Doubts over Australia Coalition’s net zero target as report finds soil carbon emissions may increase as climate warms
Exclusive: Rising temperatures and shifting rainfall patterns expected to increase losses and make it more difficult to identify net carbon emissions

In a separate government report <https://climatechange.environment.nsw.gov.au/Impacts-of-climate-change/Soil/Soil-Properties> detailing the modelling – known as NARCliM – used, scientists found the problem of soils releasing more carbon as conditions became warmer and drier would be statewide and would accelerate with further heating.
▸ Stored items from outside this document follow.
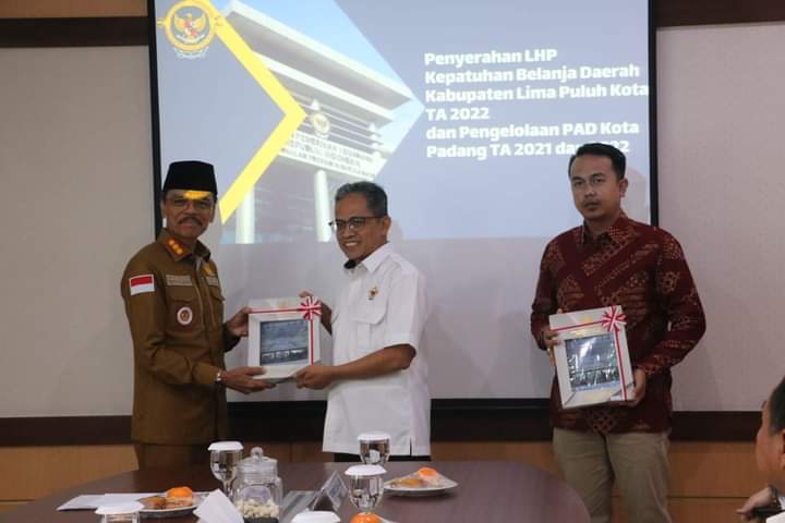 LIMAPULUH KOTA — Kepala perwakilan BPK RI Sumbar, Arif Agus menyerahkan Laporan Hasil Pemeriksaan (LHP) kepatuhan atas belanja daerah Kabupaten Limapuluh Kota tahun 2022 kepada Bupati Limapuluh Kota Safaruddin Dt. Bandaro Rajo dan Ketua DPRD Kabupaten Limapuluh Kota Deni Asra di Ruang Rapat Kepala Perwakilan BPK Sumbar, Senin (16/1/2023).
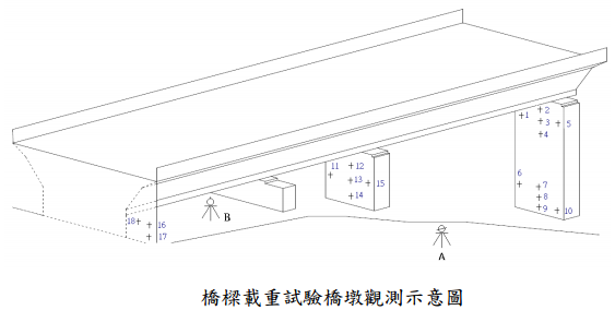 【已刪除】二、橋樑進行載重試驗,對於橋墩沉陷監測部分,擬採用多種觀測相互比較。其中一種方 式,將採用反光貼紙標示於橋墩上重要位置,再以全測站設置於已知點 A,稜鏡設置 在已知點 B,觀測各點角度與距離,得到各反光貼紙標示之坐標,如下圖所示。已知 A 點與 B 點坐標(E, N, h)分別為(100.000 m, 100.000 m, 100.000 m)與(50.000 m, 100.000 m, 75.000 m),點 A 到點 3 觀測距離為 50.659 m,且 A 點儀器高為 0.750 m。 今測得點 3 數據如表 2,詳列計算過程,求出點 3 之坐標(E, N, h)。(20 分)
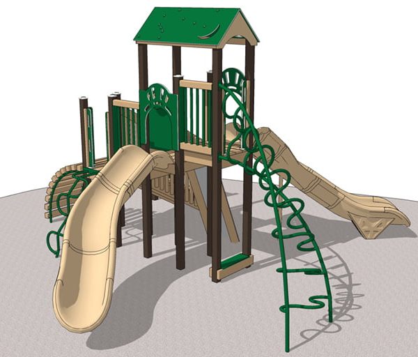 Four different climbers encourage the development of strength and ability. Both the Arch and Lazy Loop Climbers attach to the lower 4-foot deck for the beginner. The higher Rock Wall Climber features our new rubberized HDPE sheet and “real feel” rocks to build confidence. Our Vortex Climber will challenge the bolder child with its 6 ft height.
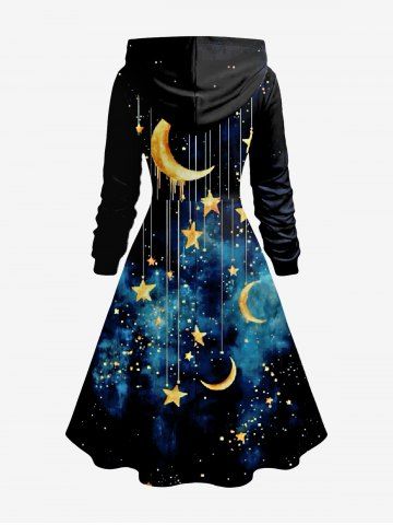Dresses > Plus Size Galaxy Moon Star Tassel Print Lace Up Drawstring Hoodie Dress

“From the average of the 12 models, in the upper depth interval (0 to 30cm of soil), there is a statewide average 2.5 tonnes of carbon per hectare decrease to the near-future change period [to 2040] and 5.1tC/ha to the far-future change period,” the second report said. The models ranged from as much as 1.6tC/ha additional carbon taken up on average to losses of as much as 12tC/ha.

Scientists have long known the carbon content in soil can vary considerably based on temperatures, moisture content and soil type, among other factors. For instance, rising temperatures tend to boost microbial activity that results in more of the carbon humus in the soil digested, and extra carbon dioxide emitted.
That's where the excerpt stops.